# anybody use a wii fit/ balance board ?



## Rhi_Rhi1

Does anybody use one of these to keep fit/ loose weight ..
I just ordered one, cos it looks good, but i dno if it works :dohh: 

x


----------



## jennifer89

I Use Mine, Its Really Handy, I Use It To Weight Myself Each Week, Because It Keeps A Record & Gives You Goals Etc.

Some Of The Activities Are Really Good Too

xx:flower:


----------



## xerinx

Yea i use mine!! I love it! I certainly ache the next day tho!


----------



## hayzeb

I just bought one too :happydance:


----------



## RyliesMummy

I bought Just Dance 2 weeks ago and it's fab! You lose weight, but you don't realise because you're having a laugh, Saying that I think I burnt most of my calories howling at my OH dancing to Katy Perry :haha:


----------



## Rhi_Rhi1

oo haha thanks i was just about to ask does anyone know what the dancing one is called  is there anything else like that ... you can do snowboarding and stuff on some games cant you ?! just hope i loose some weight :) cos i don't really have the time, my local gym has a creche but it gets so busy you have to book in advance!


----------



## Daisybell

yeah there is all kinds of games you can play on it, i had loads of fun using it
and once more coz you are having fun you don't realise that you are burning calories
well untill the next day when you ache like mad lol

I dont use it now coz i'm pregnant and i also suffer with a bad back atm but after LO is born i hope to be back on it xxx


----------



## Glitterfairy

I love Wii Fit Plus and sometimes use the board as a step when i'm watching telly :)


----------



## xerinx

theres loads of games for it... ive got biggest loser, just dance, super monkey ball, wii fit plus and raving rabbids tv party... theres loads more but these are the ones i can think off... some are so fun you dont notice whereas biggest loser you are obviously doing it for a goal lol xx


----------



## AngelzTears

I have Wii Fit and Wii Active, and hoping to try Just Dance at some point too. :thumbup: Wii Fit is really good for correcting slouching, good stretching and warming up for something else you might do (like if you go for a jog that day, you could warm up on Wii Fit). But it doesn't really burn a lot of calories unless you're doing it for a while. Wii Active, however, is really good for giving you a good work out in 30 minutes and letting you burn a good 100 - 200 calories. It will run you ragged though!! A few times I spent an hour or so on Wii Active and burnt over 400 calories so I could have a hamburger that night haha! I was so sore though. Also Dance Dance Revolution is a great way to burn calories too (but it really is only cardio and working your legs). Have fun! :happydance:


----------



## Rhi_Rhi1

yeah it came yesterday :) so i have only played the wii fit game that comes with it, its okay, seems more for fun tho, then anything else :) but i was still tired  looking forward to buying the ova exercise games, and the dance one :)! x

And it called me overweight :( how RUDE, i have to loose a stone and a half!? haha i thought as much but i was still gutted haahh and i have a wii fit age of 44 (I'm 21)


----------



## Kimboowee

I went on mine last night too, 40 mins and this morning my legs are killing! Its that yoga!


----------



## AngelzTears

Rhi_Rhi1 said:


> yeah it came yesterday :) so i have only played the wii fit game that comes with it, its okay, seems more for fun tho, then anything else :) but i was still tired  looking forward to buying the ova exercise games, and the dance one :)! x
> 
> And it called me overweight :( how RUDE, i have to loose a stone and a half!? haha i thought as much but i was still gutted haahh and i have a wii fit age of 44 (I'm 21)

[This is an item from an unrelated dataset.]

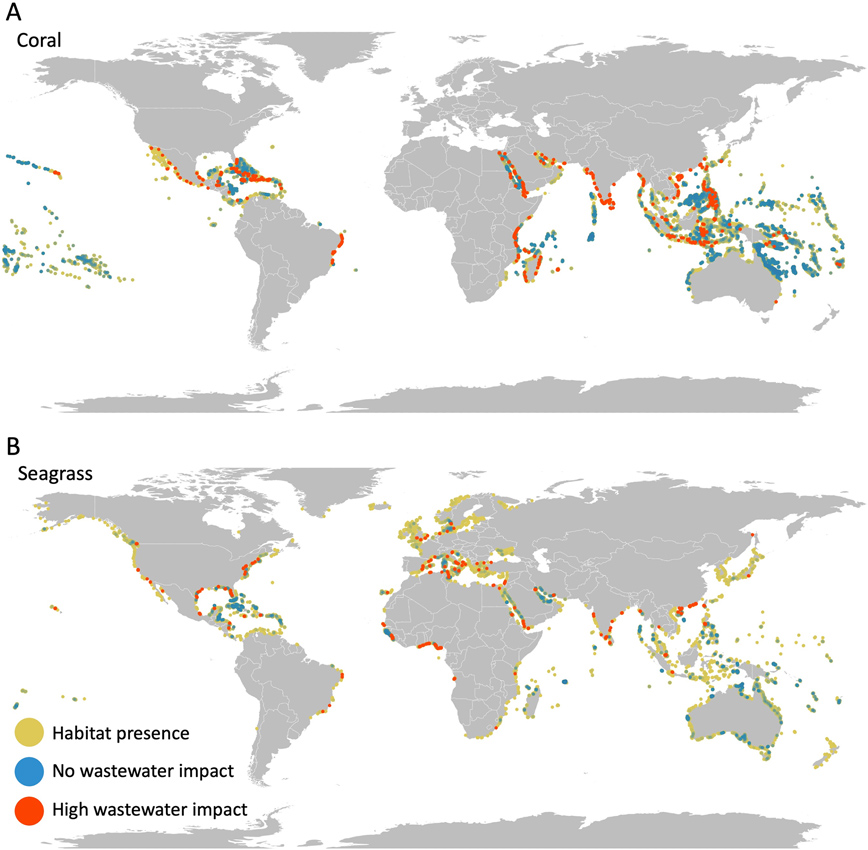 Οι ερευνητές που χαρτογράφησαν τις περιοχές με κοραλλιογενείς υφάλους και θαλάσσια χόρτα συναντούσαν επίσης σημεία παραγωγής αζώτου. Διαπίστωσαν ότι τμήματα της Κίνας, της Κένυας, της Αϊτής, της Ινδίας και της Υεμένης είναι πιθανό να έχουν επηρεαστεί από τα κοράλλια από τα παράνομα λύματα, ενώ σημεία έκθεσης σε θαλάσσιο χόρτο εντοπίστηκαν στην Γκάνα, το Κουβέιτ, την Ινδία, τη Νιγηρία και την Κίνα. Αυτό, ωστόσο, μπορεί να είναι απλώς η κορυφή του παγόβουνου και είναι πιθανό να έχει αρνητικό αποτέλεσμα σε όλο το ευρύτερο οικοσύστημα.

I don't think it's very accurate for that, some days it says I'm 20-ish in age, and this one time it told me I was 70! lmao. :haha: Also before I got preggers I was really thin and it still had me in the middle of "healthy weight", so to be underweight in that game I think you'd have to be a child or something. lol. I'm scared to check what it thinks of me now that I'm pregnant haha.

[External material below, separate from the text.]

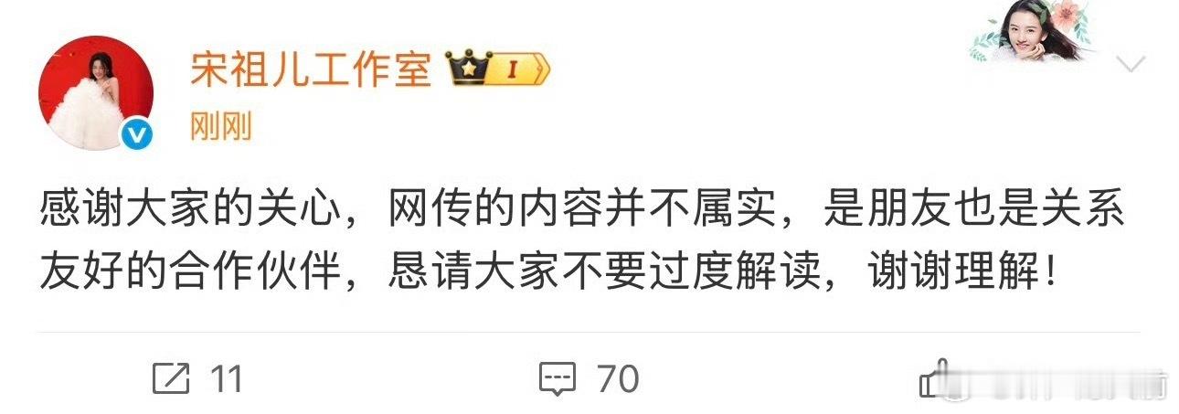 宋祖儿工作室回应了,说刘宇宁是朋友也是合作伙伴

I like the step game. There's one that you can unlock and while it's going you can turn it to the tv to watch something while stepping on & off the board for 8 mins. The wiimote will beep every time you need to step. I do that while watching something and it makes me so sore after it's over haha! Oh and the hulahoop ones is good to to burn calories! If you had a C-section though I'd be careful, it really works your tummy hehe


----------